_Exercise brief_
Range to copy from the entries below: the line containing "久喜市では、昨年に引き続き、" through the line containing "6. 1) 0.8 a^3 b^2 *(-0,5a^2b) = -0,4 a^5 b^4", inclusive. Retype only those lines, exactly, without any images.

_Exercise material_
+++
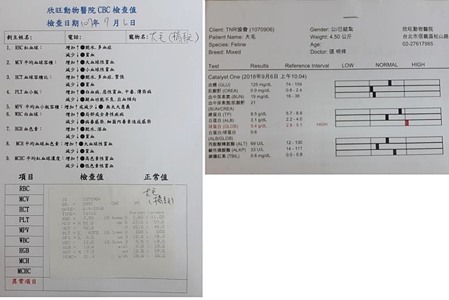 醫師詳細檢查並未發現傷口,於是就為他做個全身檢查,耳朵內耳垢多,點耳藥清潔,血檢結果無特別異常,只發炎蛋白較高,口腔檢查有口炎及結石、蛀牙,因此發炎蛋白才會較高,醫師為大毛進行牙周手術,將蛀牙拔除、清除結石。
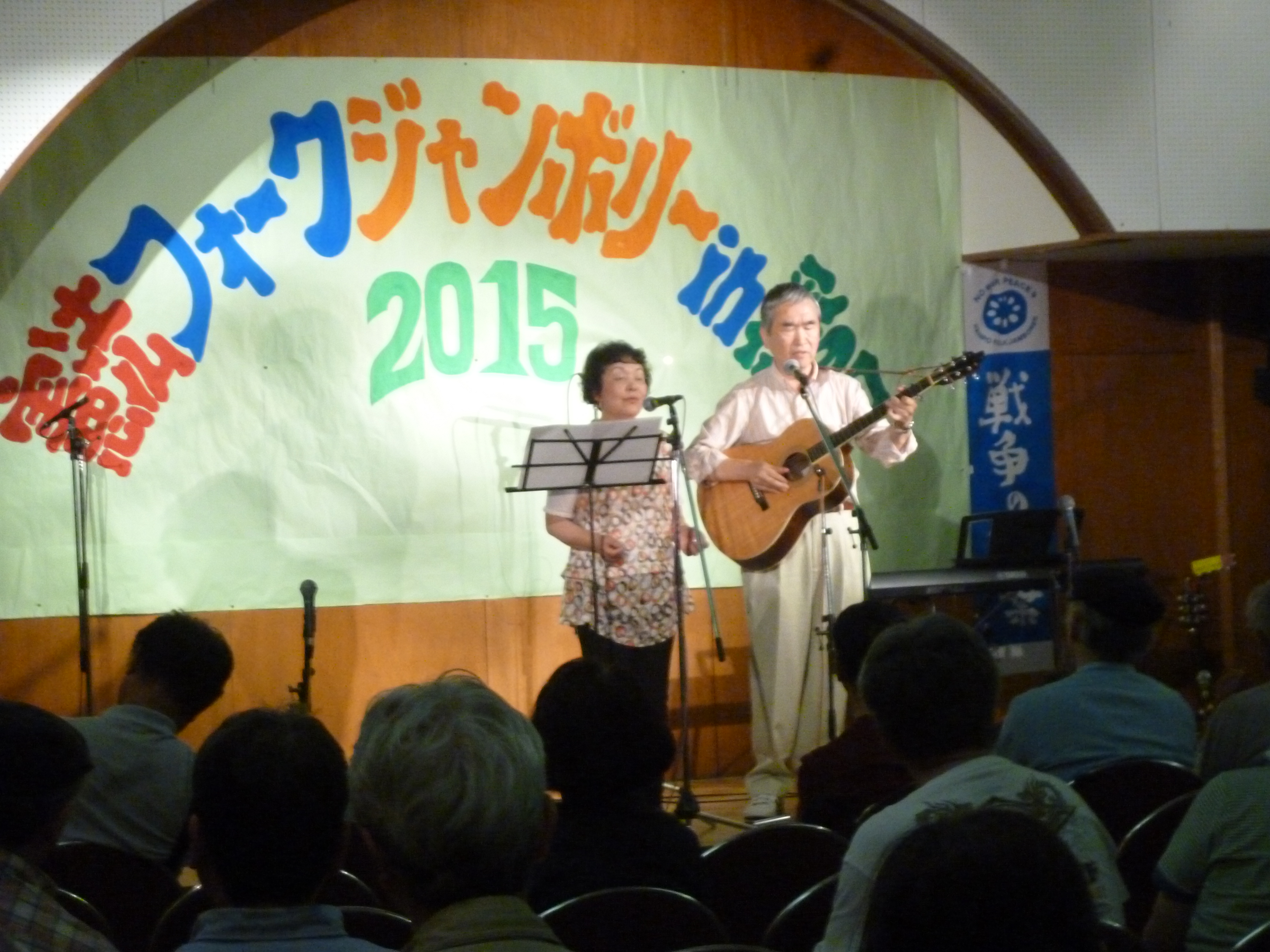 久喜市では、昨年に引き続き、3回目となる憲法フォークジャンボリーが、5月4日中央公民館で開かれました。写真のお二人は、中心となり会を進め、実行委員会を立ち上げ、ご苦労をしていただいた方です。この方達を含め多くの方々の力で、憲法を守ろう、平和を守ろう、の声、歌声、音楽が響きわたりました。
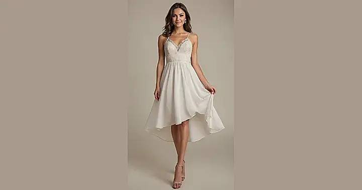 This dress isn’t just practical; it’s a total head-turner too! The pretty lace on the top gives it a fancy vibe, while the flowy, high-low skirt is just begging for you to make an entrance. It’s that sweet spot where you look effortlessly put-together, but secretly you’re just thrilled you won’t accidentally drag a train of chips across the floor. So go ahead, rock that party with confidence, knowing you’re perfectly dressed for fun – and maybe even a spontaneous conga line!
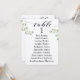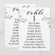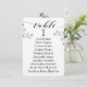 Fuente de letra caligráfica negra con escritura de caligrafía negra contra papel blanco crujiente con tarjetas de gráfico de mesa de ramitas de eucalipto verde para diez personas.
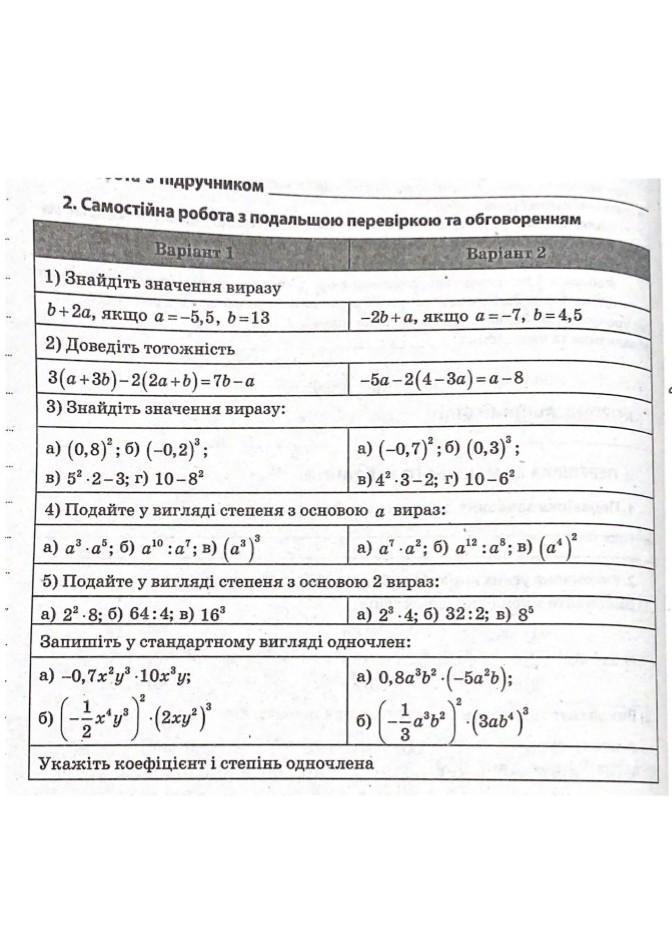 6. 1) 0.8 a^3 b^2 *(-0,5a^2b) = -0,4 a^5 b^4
+++
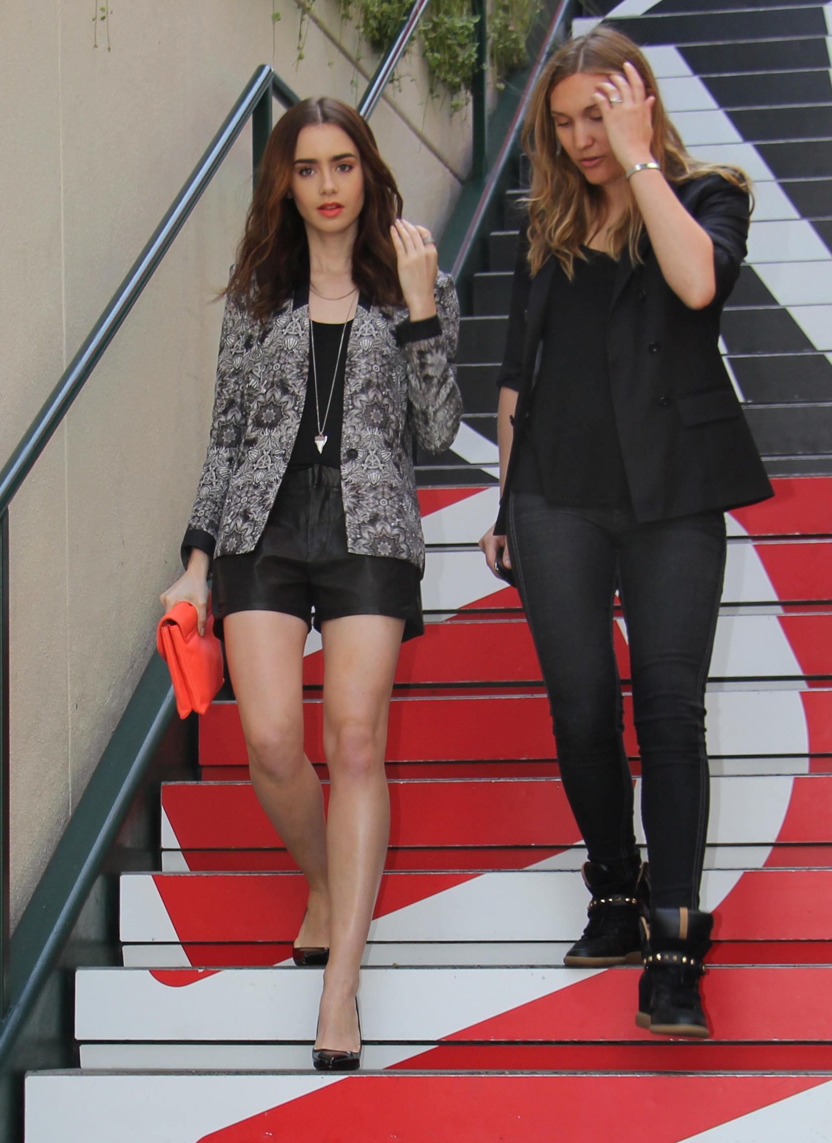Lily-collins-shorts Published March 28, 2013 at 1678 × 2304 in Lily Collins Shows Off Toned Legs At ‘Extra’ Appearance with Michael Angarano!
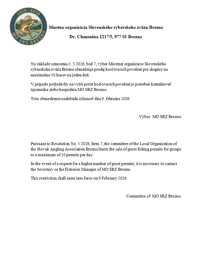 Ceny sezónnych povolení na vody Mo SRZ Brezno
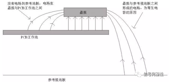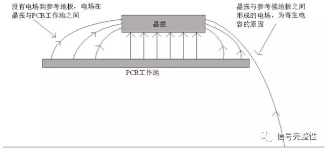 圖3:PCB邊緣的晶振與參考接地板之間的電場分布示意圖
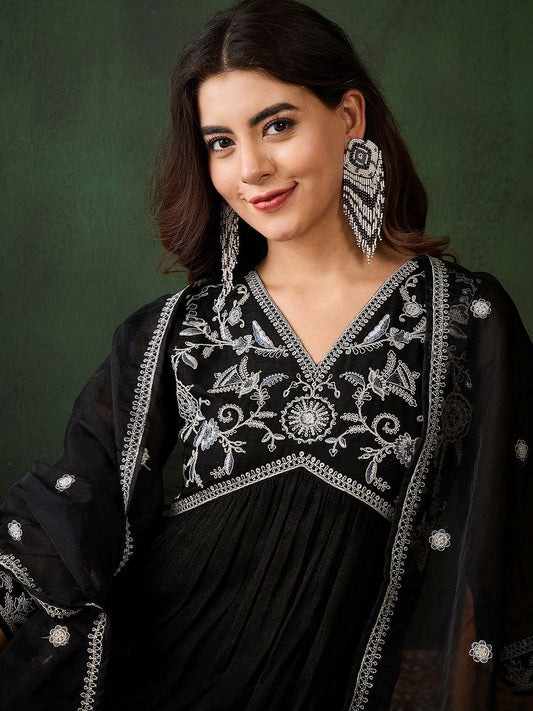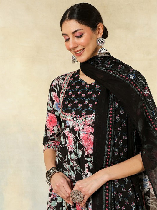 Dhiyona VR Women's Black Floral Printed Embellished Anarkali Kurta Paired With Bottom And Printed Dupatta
+++
_Result for this exercise_
 久喜市では、昨年に引き続き、3回目となる憲法フォークジャンボリーが、5月4日中央公民館で開かれました。写真のお二人は、中心となり会を進め、実行委員会を立ち上げ、ご苦労をしていただいた方です。この方達を含め多くの方々の力で、憲法を守ろう、平和を守ろう、の声、歌声、音楽が響きわたりました。
 This dress isn’t just practical; it’s a total head-turner too! The pretty lace on the top gives it a fancy vibe, while the flowy, high-low skirt is just begging for you to make an entrance. It’s that sweet spot where you look effortlessly put-together, but secretly you’re just thrilled you won’t accidentally drag a train of chips across the floor. So go ahead, rock that party with confidence, knowing you’re perfectly dressed for fun – and maybe even a spontaneous conga line!
 Fuente de letra caligráfica negra con escritura de caligrafía negra contra papel blanco crujiente con tarjetas de gráfico de mesa de ramitas de eucalipto verde para diez personas.
 6. 1) 0.8 a^3 b^2 *(-0,5a^2b) = -0,4 a^5 b^4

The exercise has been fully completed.